A/B Testing and Best-arm Identification for Linear Bandits with Robustness to Non-stationarity

We investigate the fixed-budget best-arm identification (BAI) problem for linear bandits in a potentially non-stationary environment. Given a finite arm set $\mathcal{X}\subset\mathbb{R}^d$, a fixed budget $T$, and an unpredictable sequence of parameters $\left\lbrace\theta_t\right\rbrace_{t=1}^{T}$, an algorithm will aim to correctly identify the best arm $x^* := \arg\max_{x\in\mathcal{X}}x^\top\sum_{t=1}^{T}\theta_t$ with probability as high as possible. Prior work has addressed the stationary setting where $\theta_t = \theta_1$ for all $t$ and demonstrated that the error probability decreases as $\exp(-T /\rho^*)$ for a problem-dependent constant $\rho^*$. But in many real-world $A/B/n$ multivariate testing scenarios that motivate our work, the environment is non-stationary and an algorithm expecting a stationary setting can easily fail. For robust identification, it is well-known that if arms are chosen randomly and non-adaptively from a G-optimal design over $\mathcal{X}$ at each time then the error probability decreases as $\exp(-T\Delta^2_{(1)}/d)$, where $\Delta_{(1)} = \min_{x \neq x^*} (x^* - x)^\top \frac{1}{T}\sum_{t=1}^T \theta_t$. As there exist environments where $\Delta_{(1)}^2/ d \ll 1/ \rho^*$, we are motivated to propose a novel algorithm $\mathsf{P1}$-$\mathsf{RAGE}$ that aims to obtain the best of both worlds: robustness to non-stationarity and fast rates of identification in benign settings. We characterize the error probability of $\mathsf{P1}$-$\mathsf{RAGE}$ and demonstrate empirically that the algorithm indeed never performs worse than G-optimal design but compares favorably to the best algorithms in the stationary setting.

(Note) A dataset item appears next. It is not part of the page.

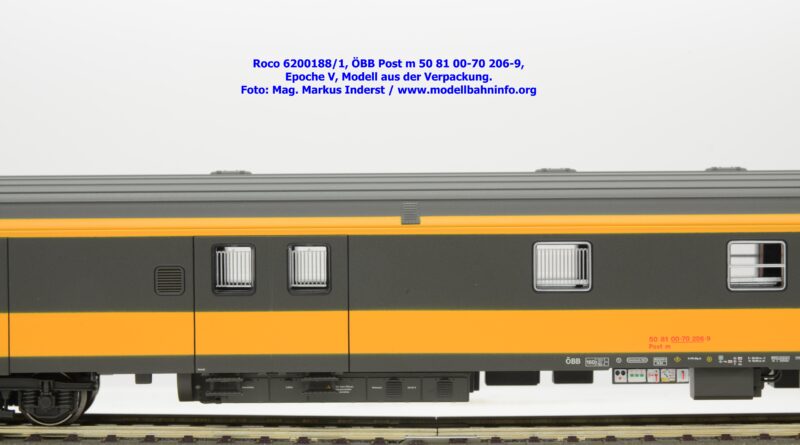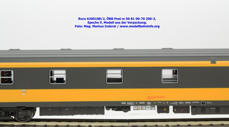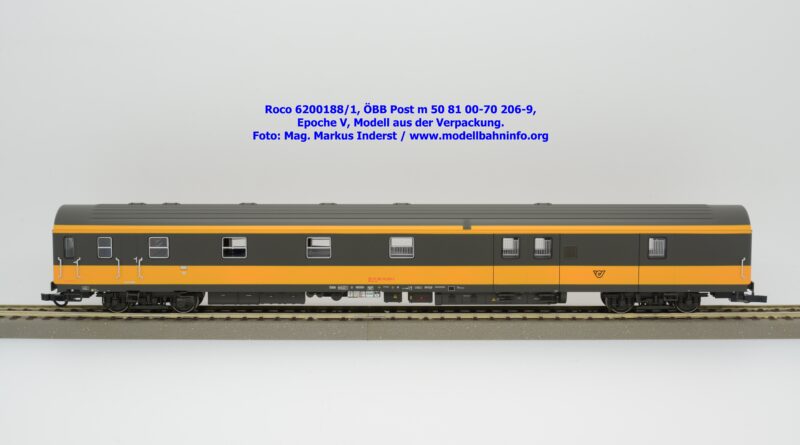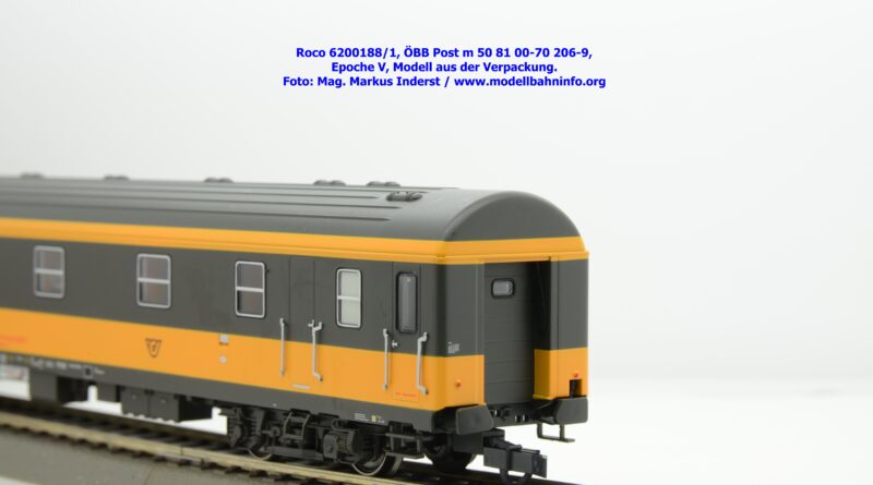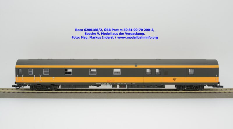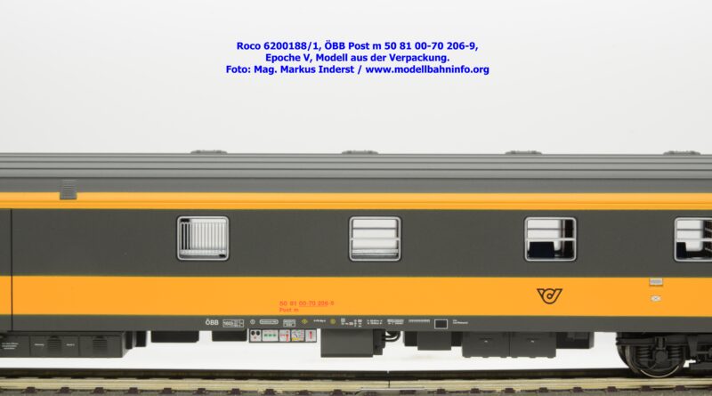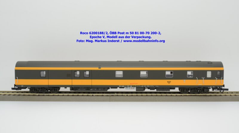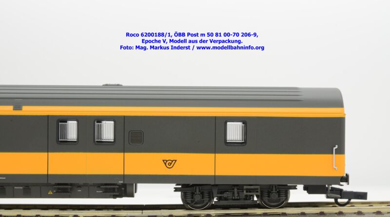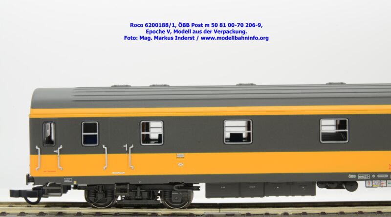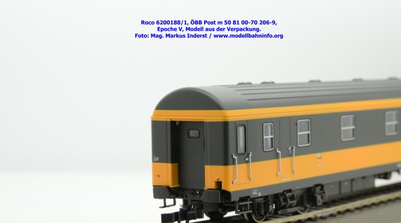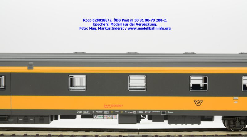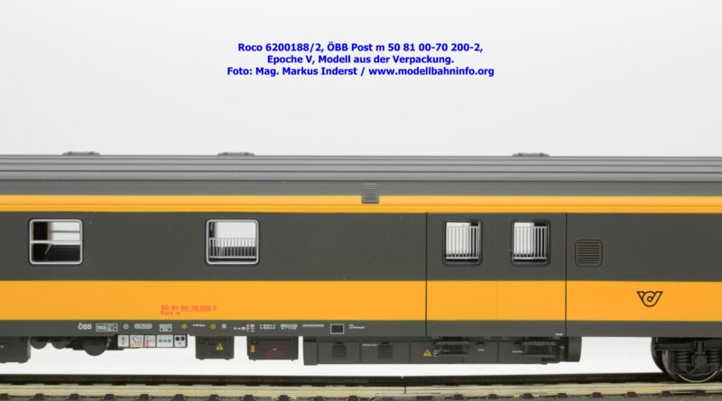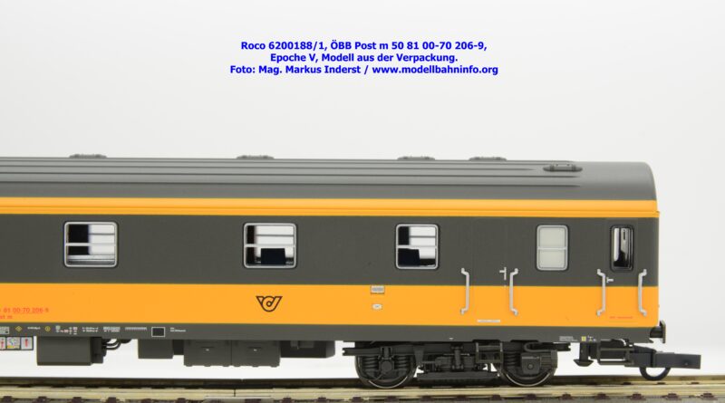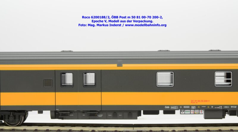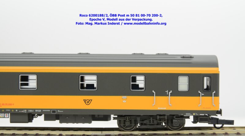 Der neue Postwagen der ÖBB wurde von Roco in zwei technisch unterschiedlichen Ausführungen angekündigt. Die Auslieferung der Neukonstruktion erfolgt als Zweierset, wobei die Modelle einzeln verpackt sind. Der Postwagen ist als rein „analoges“ Modell lieferbar und wird unter der Artikelnummer 6200188 zum UVP von € 159,90 geführt. Darüber hinaus werden die beiden Modelle noch mit einer digital-schaltbaren Innenbeleuchtung gefertigt und unter der Artikelnummer 6210188 angeboten, die einen UVP von € 239,90 aufweisen. Im Neuheitenkatalog 2026 wurde unter der Artikelnummern 6200180 bzw. 6210180 die Ausführung in der Jaffa-Lackierung angekündigt.

翻译：我们研究了在潜在非平稳环境下线性臂赌博机的固定预算最佳臂识别问题。给定有限臂集$\mathcal{X}\subset\mathbb{R}^d$、固定预算$T$以及不可预测的参数序列$\left\lbrace\theta_t\right\rbrace_{t=1}^{T}$，算法旨在以尽可能高的概率正确识别最佳臂$x^* := \arg\max_{x\in\mathcal{X}}x^\top\sum_{t=1}^{T}\theta_t$。先前工作解决了所有时刻$\theta_t = \theta_1$的平稳场景，并证明误差概率以问题相关常数$\rho^*$的$\exp(-T /\rho^*)$速率递减。但在许多现实世界A/B/n多变量测试场景（本研究的动机）中，环境是非平稳的，期望平稳场景的算法极易失效。为获得鲁棒识别，已知若每次从$\mathcal{X}$的G-最优设计中随机非自适应选择臂，则误差概率以$\exp(-T\Delta^2_{(1)}/d)$递减，其中$\Delta_{(1)} = \min_{x \neq x^*} (x^* - x)^\top \frac{1}{T}\sum_{t=1}^T \theta_t$。由于存在环境使得$\Delta_{(1)}^2/ d \ll 1/ \rho^*$，我们提出新算法$\mathsf{P1}$-$\mathsf{RAGE}$，旨在同时实现两方面优势：对非平稳性的鲁棒性以及在良性场景下的快速识别速率。我们刻画了$\mathsf{P1}$-$\mathsf{RAGE}$的误差概率，并通过实验证明该算法确实不会比G-最优设计表现更差，同时在平稳场景中与最优算法性能相当。